今回は「AIの科学研究利用は「急がば回れ」–信頼性確保に向けた反復的なアプローチ」についてご紹介します。

関連ワード (CIO/経営等) についても参考にしながら、ぜひ本記事について議論していってくださいね。

本記事は、ZDNet Japan様で掲載されている内容を参考にしておりますので、より詳しく内容を知りたい方は、ページ下の元記事リンクより参照ください。


 新年を迎えるということは、IT投資の焦点が新たになるということだ。調査会社Gartnerは、2025年の世界IT支出が前年比9.3%増の5兆7400億ドルに達すると予測している。生成AIの探求が支出の増加を後押しするという。

 今では多くの人が生成AIを試したことがあるはずだ。文章の推敲や写真の作成、コードの生成など、このテクノロジーの機能は魔法のように感じられる。

 しかし、Francis Crick Instituteの最高情報責任者(CIO)であるJames Fleming氏のように、自らの組織が誇大宣伝に流されることを許さないデジタルリーダーもいる。

 同氏は米ZDNETに対し、新興テクノロジーを革新的な科学的発見に役立てるのは簡単ではないと語った。この課題があるために、世界有数の研究機関であるFrancis Crick Instituteの作業方法は、生成AIが台頭しても大きく変わっていない。

 「科学でAIを使用することと、一般公開される大規模言語モデル(LLM)を作成することは、まったくの別物だ。制約が厳しい科学の世界に身を置く者は、自らの仮説を証明しなければならない」とFleming氏。
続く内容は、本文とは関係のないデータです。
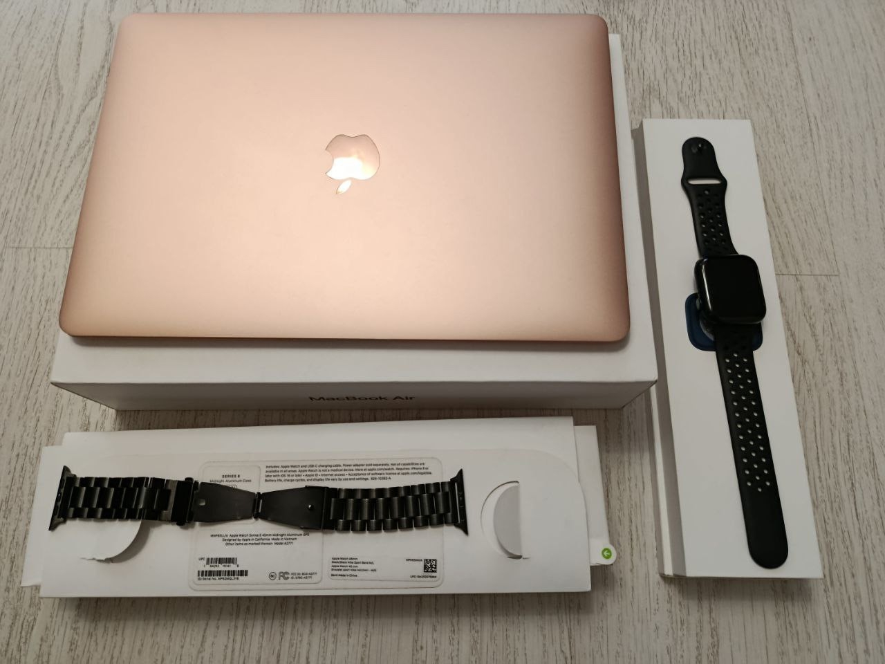 Apple MacBook Air 13. Retina 2019 Core i5 8/128 gb. Состояние нового, без сколов и царапин, весь в оригинале, без ремонтов, полный комплект, цена 29950р, без торгов и обменов. Apple watch 8/45 Nike в отличном состоянии, два ремешка, полный комплект, цена 20000р, если всё вместе — сделаю скидку. Донецк, 79497071094.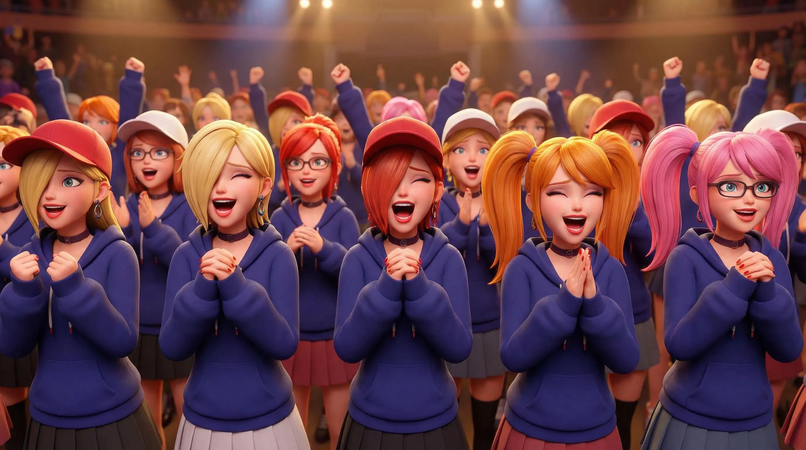 Create anime-inspired CGI crowds with Final Fantasy hairstyles in deep blue hoodies featuring moe sleeves hiding praying hands. Vibrant accessories like baseball hats, chokers, and colored nails. Generate diverse characters with elated expressions, side-swept hair, and unique sleeve styles using this AI image generator for vivid fan art scenes.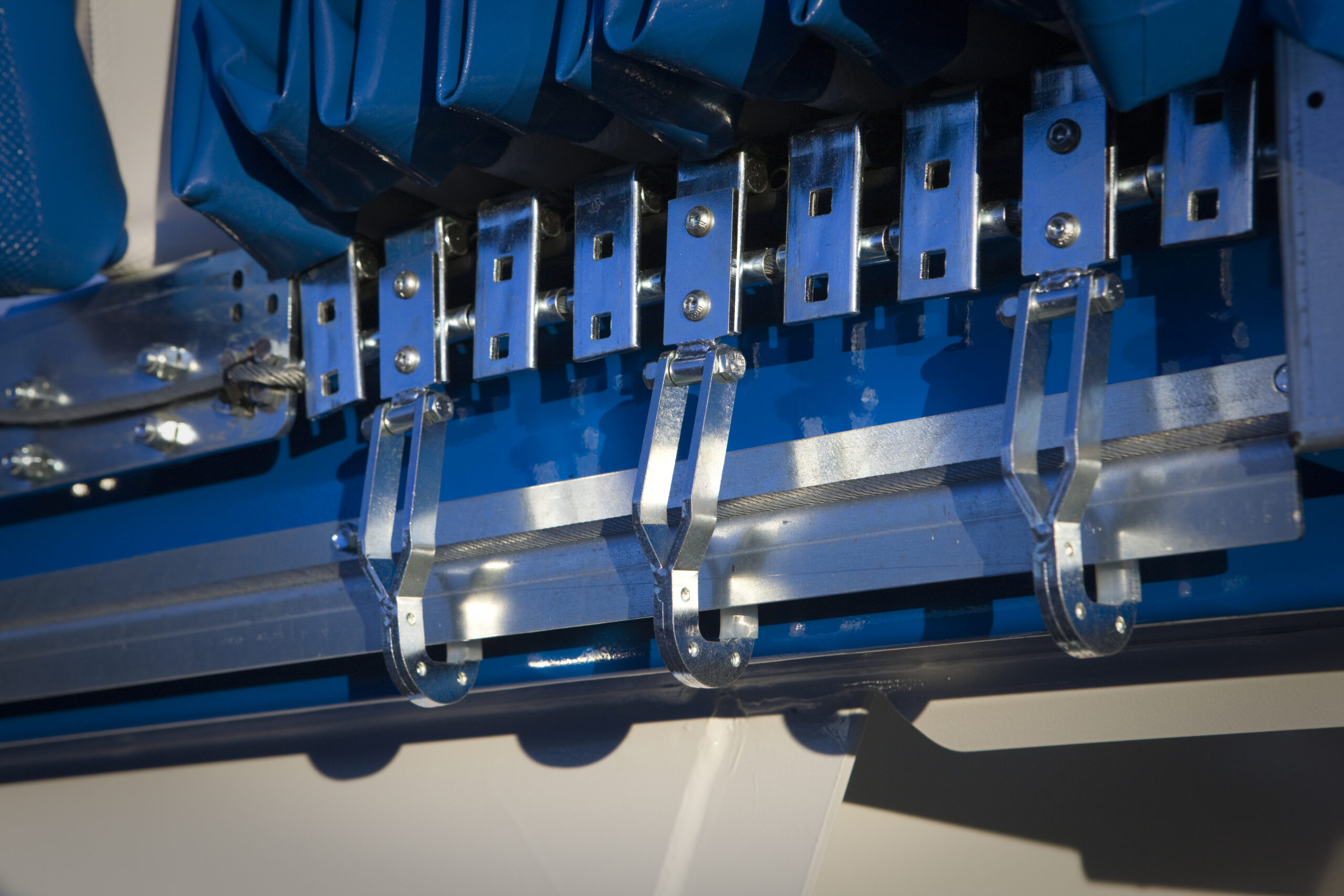 Lo sgancio rapido della fune installato al posto del “rinvio posteriore con tensionamento” permette di liberare completamente le sponde dalla fune per agevolare le operazioni di carico e scarico delle casse bilaterali e trilaterali: può essere fornito per un solo lato della cassa o per entrambi. Facile da installare e rapido da utilizzare è il modo più semplice per sganciare la fune anche durante la manutenzione della copertura.

 「ほぼ正しいモデルを公開したと言うだけでは不十分だ。ほとんどの場合、特定の条件下では完全に正しいモデルを作成する必要がある。さらに、研究の成果が基本的な理解に基づいていることを実証しなければならない」

 Fleming氏は、科学分野におけるAIの使用を「諸刃の剣」と表現した。新興テクノロジーは研究プロセスの高速化に役立つ可能性があるが、新しい結論を生み出して提示する際には、高い確実性が求められる。

 「証明できることが極めて重要だ。現実世界のクリニックや医療機器に影響する可能性があるものを検討している場合は、なおさらだ」とFleming氏は語る。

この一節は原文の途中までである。